Segment Open

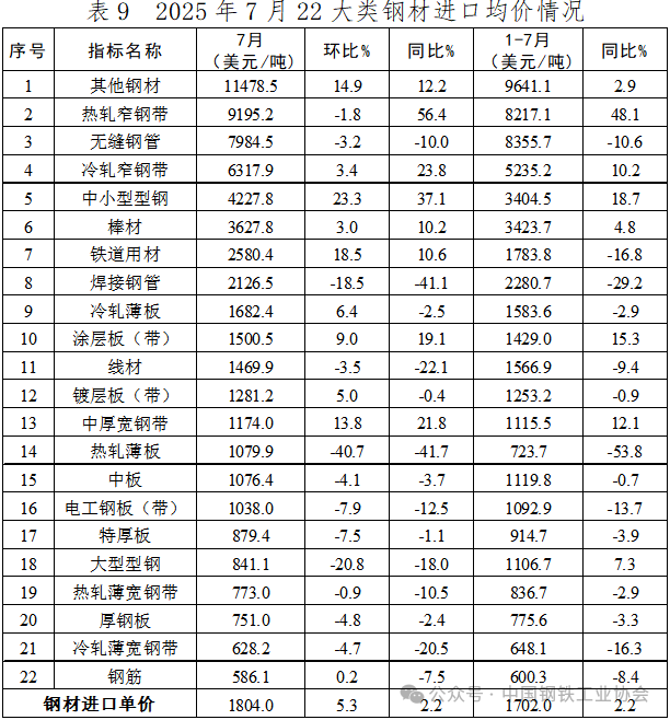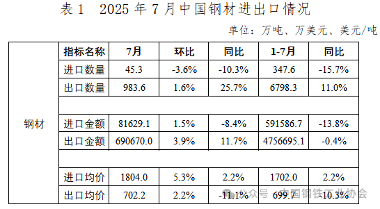 2025年7月,我國出口鋼材983.6萬噸,較上月小幅回升1.6%,出口規(guī)模保持相對(duì)穩(wěn)定,出口均價(jià)702.2美元/噸,較上月小幅上漲2.2%。1-7月,我國累計(jì)出口鋼材6798.3萬噸,同比增長11.0%,出口均價(jià)699.7美元/噸,同比下跌10.3%。7月,我國進(jìn)口鋼材45.3萬噸,環(huán)比下降3.6%,降幅較上月進(jìn)一步擴(kuò)大,進(jìn)口均價(jià)1804.0美元/噸,環(huán)比上漲5.3%。1-7月,我國累計(jì)進(jìn)口鋼材347.6萬噸,同比下降15.7%,進(jìn)口均價(jià)1702.0美元/噸,同比上漲2.2%。
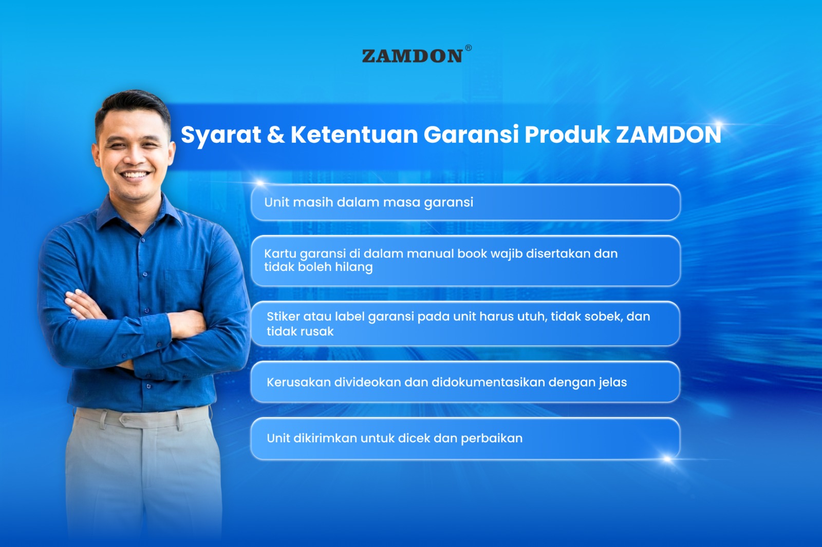 Zamdon Power berkomitmen memberikan layanan purna jual yang profesional melalui sistem garansi resmi dan prosedur teknis yang terstandar. Setiap produk dirancang dan diproses untuk memastikan performa yang andal serta keamanan penggunaan dalam jangka panjang.
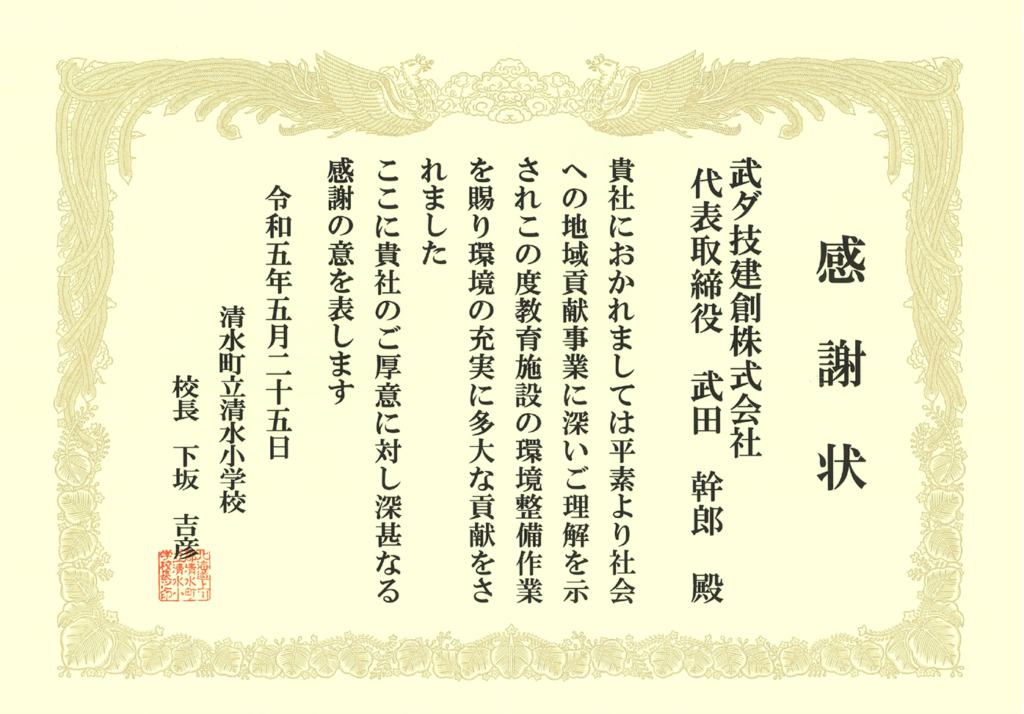グループ会社の武ダ技建創が2023年5月に清水町立清水小学校にてボランティア活動を行い、教育施設の環境整備に貢献したとして感謝状を頂きました。
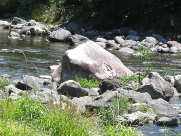 次は、あゆ公園です。公園は、ひすい輝石が発見されたヒジロ谷川が大屋川に注ぐ地点にあります。 大屋川の流れの中に真白い岩をいくつか見ることができます。これは、ほぼ曹長石だけからなる曹長岩です。あたりには黒っぽい岩が大いので、曹長岩の白はとてもよく目立ちます。 ここでも小石を拾うことができますが、暑いので省略です。
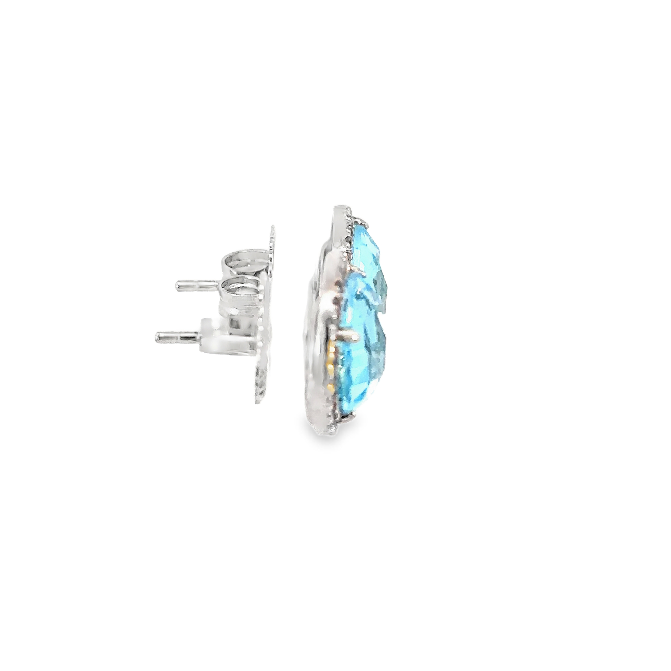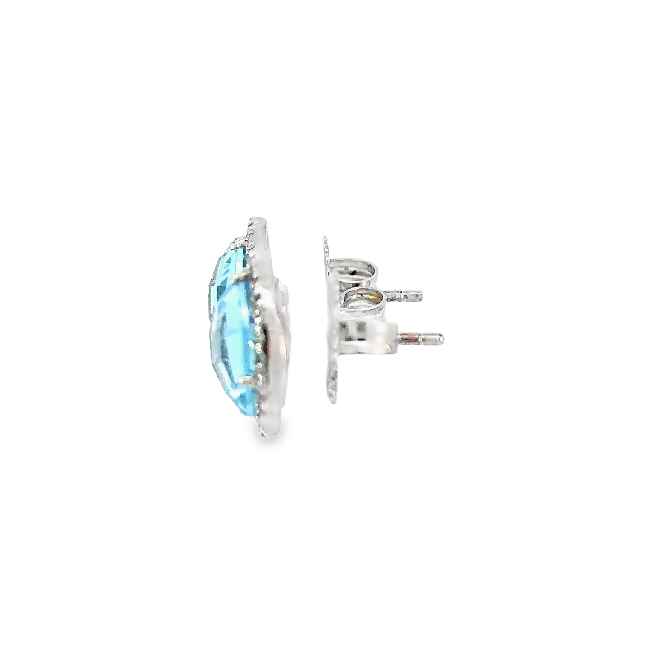 Silver Diamonds Stud Earrings with Bluish Green Aquamarine
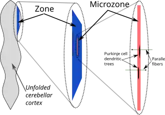 Oscarsson in the late 1970s proposed that these cortical zones can be partitioned into smaller units called microzones.[30] A microzone is defined as a group of Purkinje cells all having the same somatotopic receptive field. Microzones were found to contain on the order of 1000 Purkinje cells each, arranged in a long, narrow strip, oriented perpendicular to the cortical folds.[28] Thus, as the adjoining diagram illustrates, Purkinje cell dendrites are flattened in the same direction as the microzones extend, while parallel fibers cross them at right angles.[11]
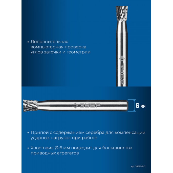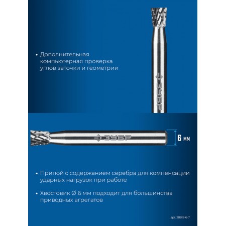 Борфреза твердосплавная 6?7 мм тип N обратный конус угол 10° хв-к 6 мм Профессионал ЗУБР 28812-6-7
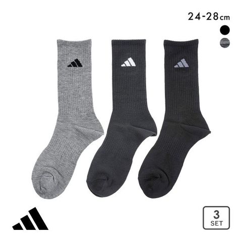 アディダス ストロング クルー丈 ソックス 3足セット メンズ 靴下 adidas 耐久性10倍 24-26cm 26-28cm
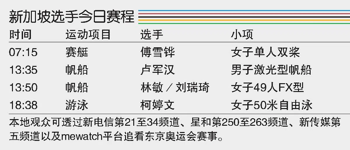 今天新加坡健儿的参赛项目全和水有关,傅雪铧今早会亮相女子单人双桨E组决赛,卢军汉继续参加男子激光型帆船第九和第十回合,队友林敏/刘瑞琦则参加女子49人FX型的第七至第九回合。
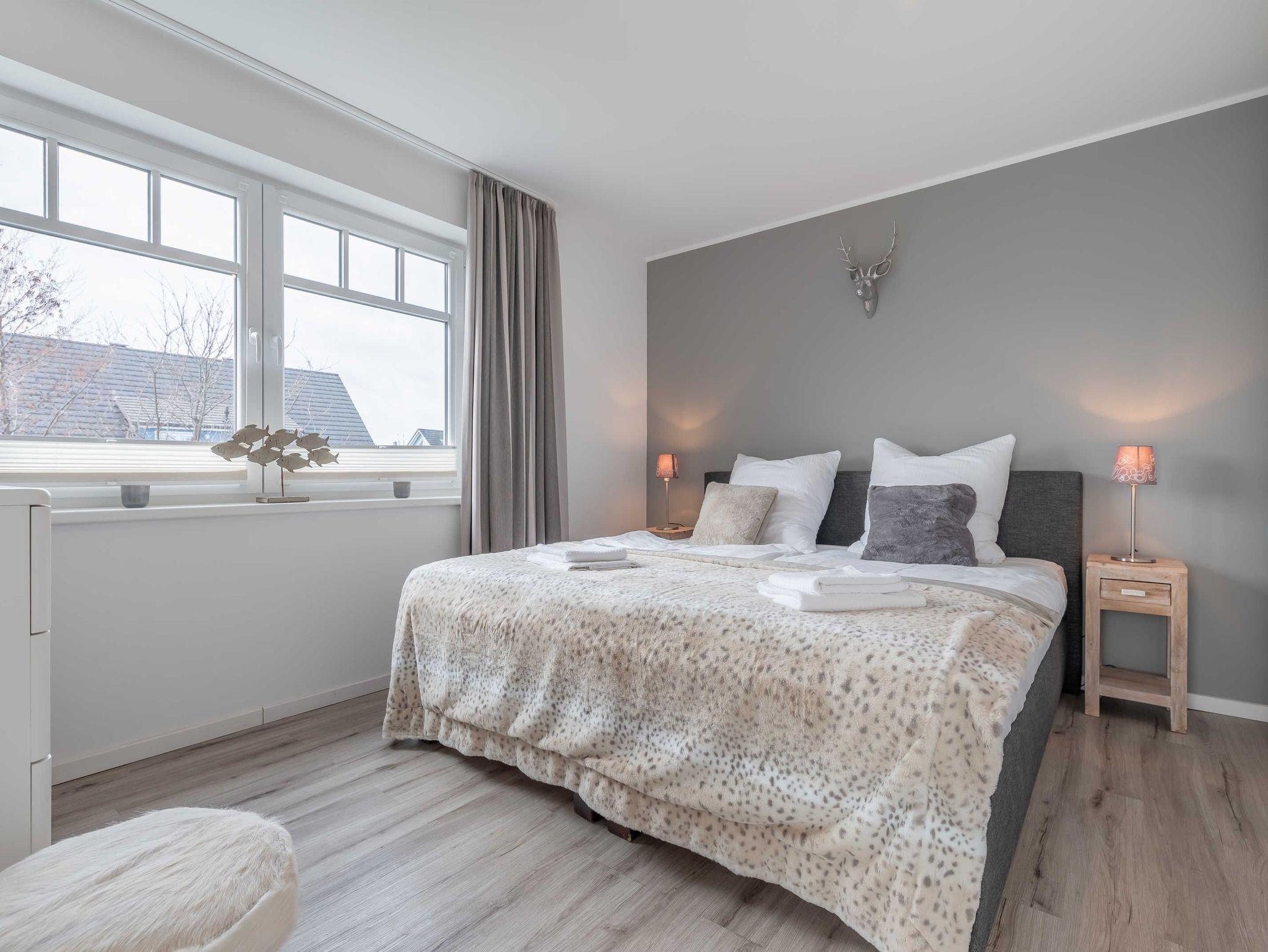 Die moderne und großzügig eingerichtete sonnige Ferienwohnung befindet sich in der ersten Etage der Villa Strandnah, nur 120 m vom Strand entfernt. Im Wohnraum befinden sich eine hochwertige Couchgarnitur mit Schlaffunktion zum Relaxen. Zur Unterhaltung stehen Ihnen ein großer Flachbild TV, eine Hifi-Anlage bluetoothfähig und eine Spielesammlung zur Verfügung. Ein gemütlicher Relaxsessel mit Aussicht wird Ihr Lieblingsplatz. Der offene Essbereich verfügt über einen großen Tisch mit vier Stühlen. Die separate großzügige Küche ist mit einer modernen Einbauküche mit Geschirrspüler, Kühlschrank mit Gefrierfach, Backofen mit Cerankochfeld und Mikrowelle ausgestattet. Neben Kaffemaschine, Wasserkocher und Toaster ist auch eine Tchibo-Cafissimo Kapselmaschine vorhanden. Das modern eingerichtete Schlafzimmer mit dem großzügigen Boxspringbett (2,00 m x 1,80 m) verfügt ebenso über einen großen Flachbild TV und einen geräumigen Schrank mit Kommode. Das helle Duschbad mit Fußbodenheizung und zwei Fenstern hat eine bodengleiche Dusche, einen großen Waschtisch mit Spiegel und Handtuchwärmer. Es gibt eine Abstellkammer für Koffer und Taschen. Der große Süd-West Balkon lädt zum Verweilen ein.
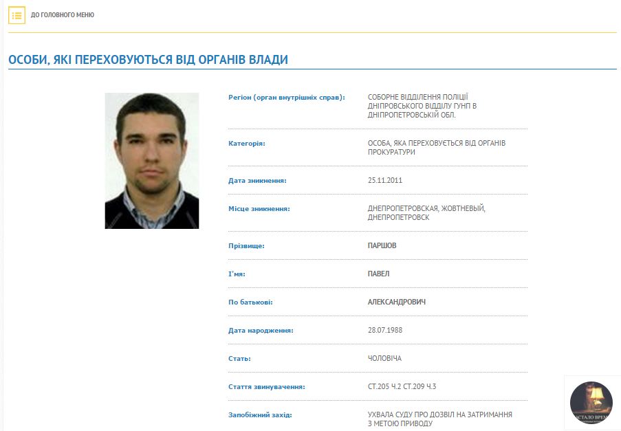 Слід зазначити, що відомості про Павла Паршова 1988 року народження внесені до списку осіб, які перебувають у розшуку, доступному на сайті МВС.
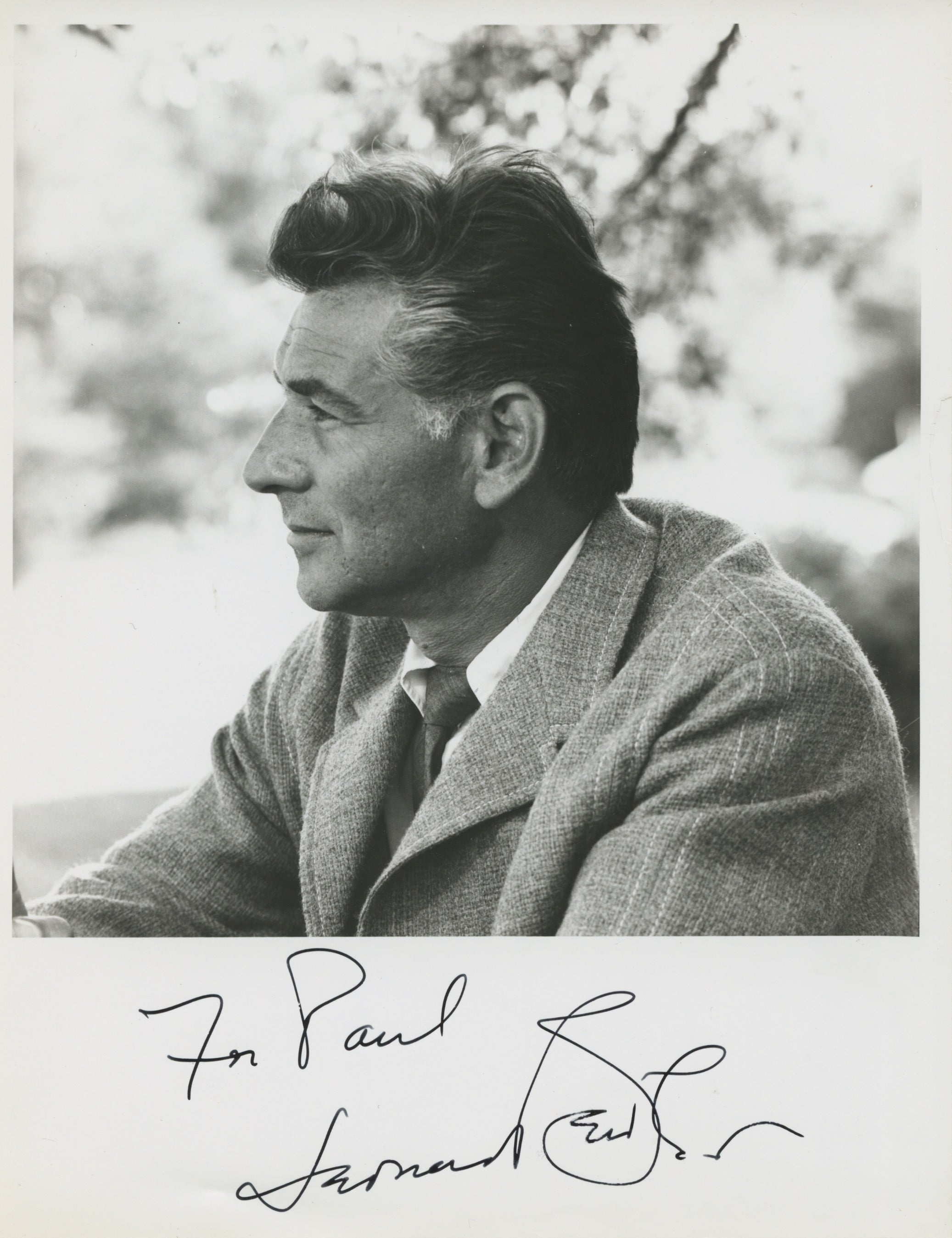 Bernstein, Leonard. (1918–1990). Signed Photograph. Signed portrait in profile of the American composer, conductor and pianist. Inscribed to Paul McMahon. Hand stamps of Columbia Records Photo to verso. 9 x 7 inches (23.1 x 17.7 cm). Slight tear to right margin; else in fine condition.

Segment Closed

(What the task asks) Except for the pictures, give all the material above again verbatim.

(Answer section)
 2025年7月,我國出口鋼材983.6萬噸,較上月小幅回升1.6%,出口規(guī)模保持相對(duì)穩(wěn)定,出口均價(jià)702.2美元/噸,較上月小幅上漲2.2%。1-7月,我國累計(jì)出口鋼材6798.3萬噸,同比增長11.0%,出口均價(jià)699.7美元/噸,同比下跌10.3%。7月,我國進(jìn)口鋼材45.3萬噸,環(huán)比下降3.6%,降幅較上月進(jìn)一步擴(kuò)大,進(jìn)口均價(jià)1804.0美元/噸,環(huán)比上漲5.3%。1-7月,我國累計(jì)進(jìn)口鋼材347.6萬噸,同比下降15.7%,進(jìn)口均價(jià)1702.0美元/噸,同比上漲2.2%。
 Zamdon Power berkomitmen memberikan layanan purna jual yang profesional melalui sistem garansi resmi dan prosedur teknis yang terstandar. Setiap produk dirancang dan diproses untuk memastikan performa yang andal serta keamanan penggunaan dalam jangka panjang.
グループ会社の武ダ技建創が2023年5月に清水町立清水小学校にてボランティア活動を行い、教育施設の環境整備に貢献したとして感謝状を頂きました。
 次は、あゆ公園です。公園は、ひすい輝石が発見されたヒジロ谷川が大屋川に注ぐ地点にあります。 大屋川の流れの中に真白い岩をいくつか見ることができます。これは、ほぼ曹長石だけからなる曹長岩です。あたりには黒っぽい岩が大いので、曹長岩の白はとてもよく目立ちます。 ここでも小石を拾うことができますが、暑いので省略です。
 Silver Diamonds Stud Earrings with Bluish Green Aquamarine
 Oscarsson in the late 1970s proposed that these cortical zones can be partitioned into smaller units called microzones.[30] A microzone is defined as a group of Purkinje cells all having the same somatotopic receptive field. Microzones were found to contain on the order of 1000 Purkinje cells each, arranged in a long, narrow strip, oriented perpendicular to the cortical folds.[28] Thus, as the adjoining diagram illustrates, Purkinje cell dendrites are flattened in the same direction as the microzones extend, while parallel fibers cross them at right angles.[11]
 Борфреза твердосплавная 6?7 мм тип N обратный конус угол 10° хв-к 6 мм Профессионал ЗУБР 28812-6-7
 アディダス ストロング クルー丈 ソックス 3足セット メンズ 靴下 adidas 耐久性10倍 24-26cm 26-28cm
 今天新加坡健儿的参赛项目全和水有关,傅雪铧今早会亮相女子单人双桨E组决赛,卢军汉继续参加男子激光型帆船第九和第十回合,队友林敏/刘瑞琦则参加女子49人FX型的第七至第九回合。
 Die moderne und großzügig eingerichtete sonnige Ferienwohnung befindet sich in der ersten Etage der Villa Strandnah, nur 120 m vom Strand entfernt. Im Wohnraum befinden sich eine hochwertige Couchgarnitur mit Schlaffunktion zum Relaxen. Zur Unterhaltung stehen Ihnen ein großer Flachbild TV, eine Hifi-Anlage bluetoothfähig und eine Spielesammlung zur Verfügung. Ein gemütlicher Relaxsessel mit Aussicht wird Ihr Lieblingsplatz. Der offene Essbereich verfügt über einen großen Tisch mit vier Stühlen. Die separate großzügige Küche ist mit einer modernen Einbauküche mit Geschirrspüler, Kühlschrank mit Gefrierfach, Backofen mit Cerankochfeld und Mikrowelle ausgestattet. Neben Kaffemaschine, Wasserkocher und Toaster ist auch eine Tchibo-Cafissimo Kapselmaschine vorhanden. Das modern eingerichtete Schlafzimmer mit dem großzügigen Boxspringbett (2,00 m x 1,80 m) verfügt ebenso über einen großen Flachbild TV und einen geräumigen Schrank mit Kommode. Das helle Duschbad mit Fußbodenheizung und zwei Fenstern hat eine bodengleiche Dusche, einen großen Waschtisch mit Spiegel und Handtuchwärmer. Es gibt eine Abstellkammer für Koffer und Taschen. Der große Süd-West Balkon lädt zum Verweilen ein.
 Слід зазначити, що відомості про Павла Паршова 1988 року народження внесені до списку осіб, які перебувають у розшуку, доступному на сайті МВС.
 Bernstein, Leonard. (1918–1990). Signed Photograph. Signed portrait in profile of the American composer, conductor and pianist. Inscribed to Paul McMahon. Hand stamps of Columbia Records Photo to verso. 9 x 7 inches (23.1 x 17.7 cm). Slight tear to right margin; else in fine condition.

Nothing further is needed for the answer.